Senquez Golson said he's bothered now by a slight hamstring situation, and everybody knows those can linger. C.J. Johnson is limited right now. Patrick Junen went through conditioning Friday but that was all.

There are a few others. The Rebels need all of them to be ready to play. How realistic is that? Again, time will tell, and preseason practice could also add a few names to the injured list. Usually does.

But that's not to present a gloomy situation. It's far from that inside the IPF. Being healthy is a key to success for all teams, and this one is no exception.

What Freeze wants most now is for the Rebels to be able to build on last season's bowl-winning campaign. And he's goal-setting, in his own words, carefully.

"I'm very careful not to identify a specific expectation this year other than to become more relevant in the SEC West," he said. "And to continue to compete passionately for our university for 60 minutes. Part of that is that I don't really know how these kids are going to perform, particularly the young ones.

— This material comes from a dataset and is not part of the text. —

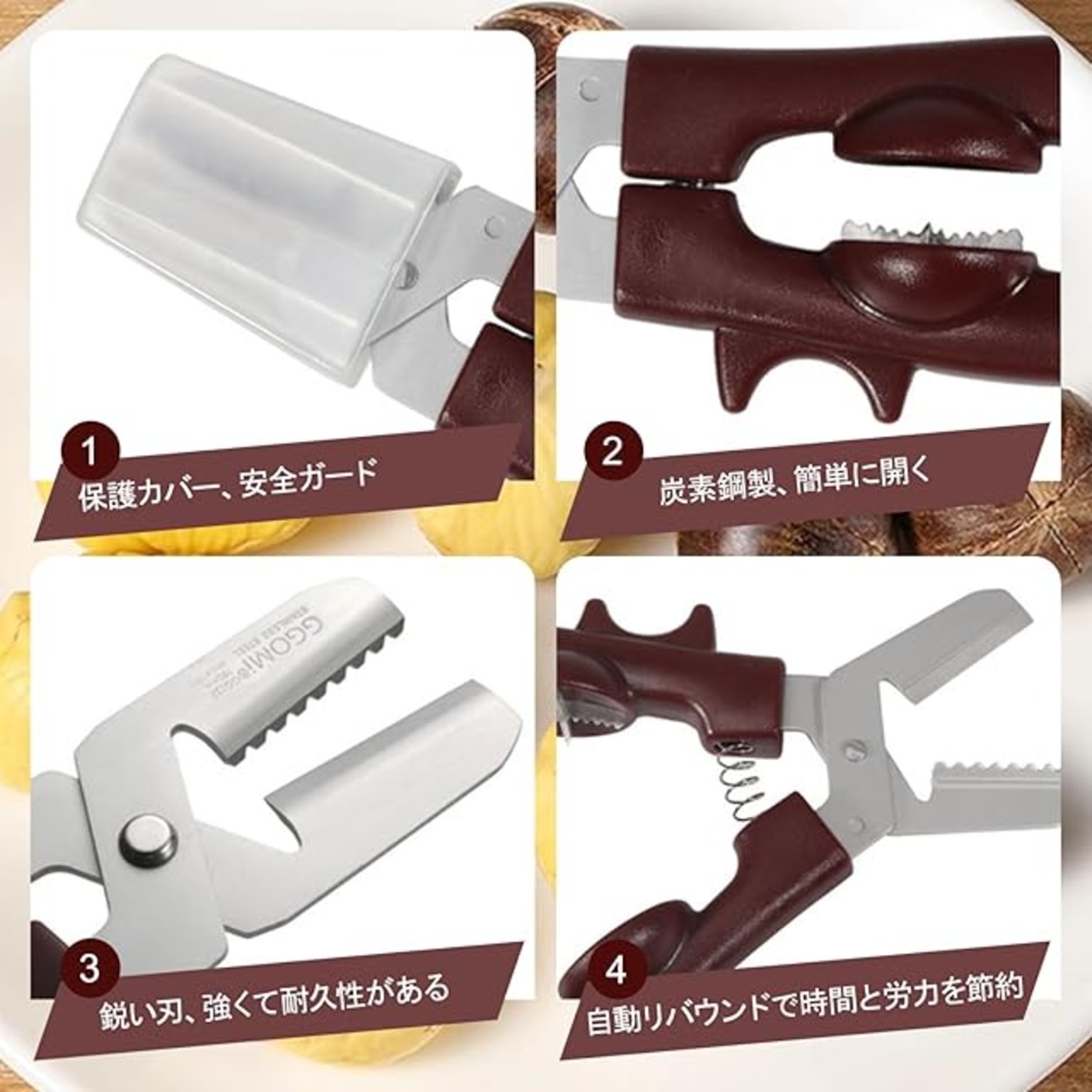■【栗むき器】十字カットで簡単に切れ込み、皮むき便利。<br><br> ■【鋭い切れ味】直刃+ギザ刃で鬼皮・渋皮をしっかり除去。<br><br> ■【高品質素材】高炭素鋼刃・クロム鋼本体・抗菌ABSハンドル。<br><br> ■【握りやすい】滑りにくいソフトグリップ、誰でも簡単に使用。<br><br> ■【お手入れ簡単】布やスポンジで洗浄、食洗機不可。<br>

"Do I think we have the ability to scare a lot of people? I do. Does that mean we can win all those games, I don't know. I say that because I believe with unrealistic expectations, if they don't come true, frustration sets in. The last thing we need in step two of our journey...we have to continue what we do with great enthusiasm and passion. We will get there."


Hugh Freeze
Bruce Newman

Freeze's message is the same as it was the day he was hired and he proclaimed his goals from the Ford Center stage.

"I have a great sense of pride, being a Mississippian and understanding the Mississippi people, and knowing we've given them a renewed sense of pride in their football team, and they have some joy from watching our team play last year, that brings great satisfaction," he said.

"That's all great. The other side is as opposed to last year with zero expectation, certainly they've increased. So I'm driven to not be defined by what the scoreboard says or what the win-loss record says, or what the recruiting rankings say. They are very important to me. But at the same time, in building a program if you let yourself go down that road where that defines you in a year or a week, I think the coaches and the people around you immediately start feeling a sense of pressure. And to me, that's not what our program's about."

So as year two begins, at least the preseason practice portion of it, the program's direction continues to be set.

"We're just going to stay the course, regardless of what the expectations are," Freeze said. "We want to deliver. We want to win. I think we have very good chemistry around here right now. I think the recruits sense it when they come on campus. It's a family atmosphere.

"As the leader (if I) can maintain that and be very consistent, then great things can and will happen here."